__Dataset content__:
------------------------

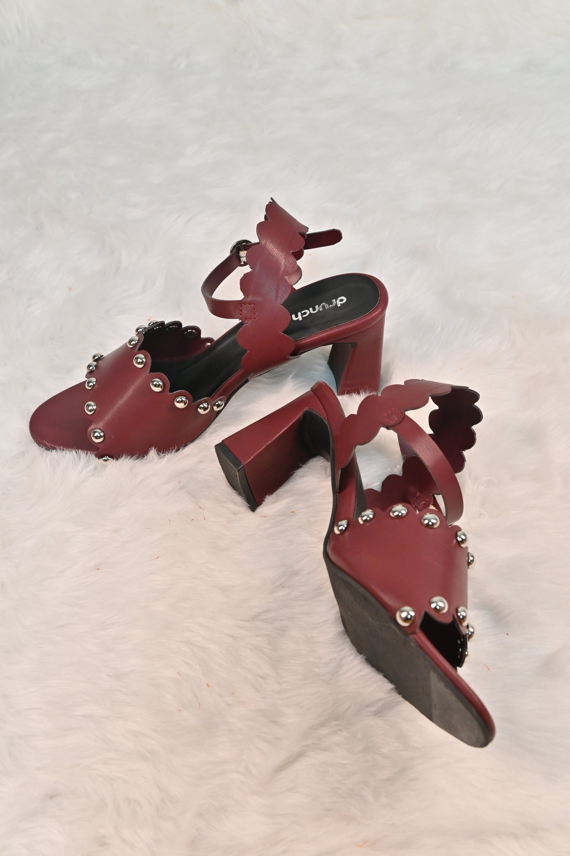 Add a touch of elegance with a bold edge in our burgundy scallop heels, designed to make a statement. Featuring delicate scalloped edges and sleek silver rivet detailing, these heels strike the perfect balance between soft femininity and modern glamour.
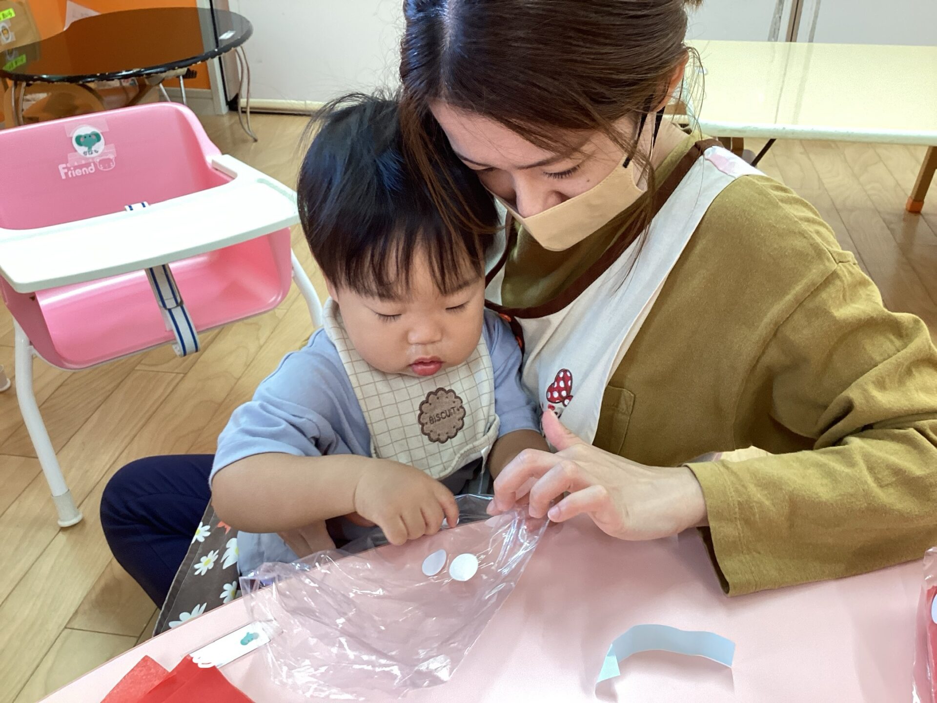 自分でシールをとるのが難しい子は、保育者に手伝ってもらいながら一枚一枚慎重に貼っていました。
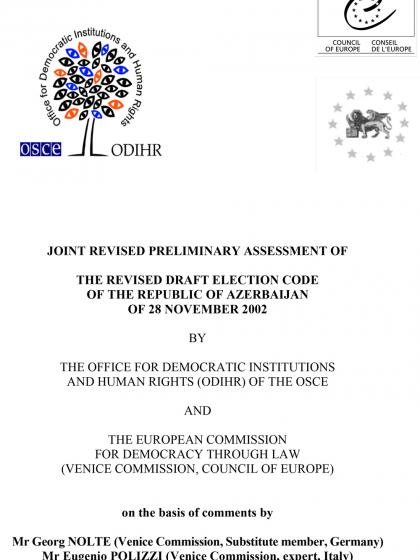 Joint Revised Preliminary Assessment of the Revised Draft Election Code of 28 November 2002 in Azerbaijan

------------------------

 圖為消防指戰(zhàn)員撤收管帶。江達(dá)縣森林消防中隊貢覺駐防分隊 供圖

------------------------

__Task instructions__:
Repeat, word for word, the lines of the material above from the one holding "Add a touch" through the one holding "自分でシールをとるのが難しい". Leave out pictures.

__Task answer__:
 Add a touch of elegance with a bold edge in our burgundy scallop heels, designed to make a statement. Featuring delicate scalloped edges and sleek silver rivet detailing, these heels strike the perfect balance between soft femininity and modern glamour.
 自分でシールをとるのが難しい子は、保育者に手伝ってもらいながら一枚一枚慎重に貼っていました。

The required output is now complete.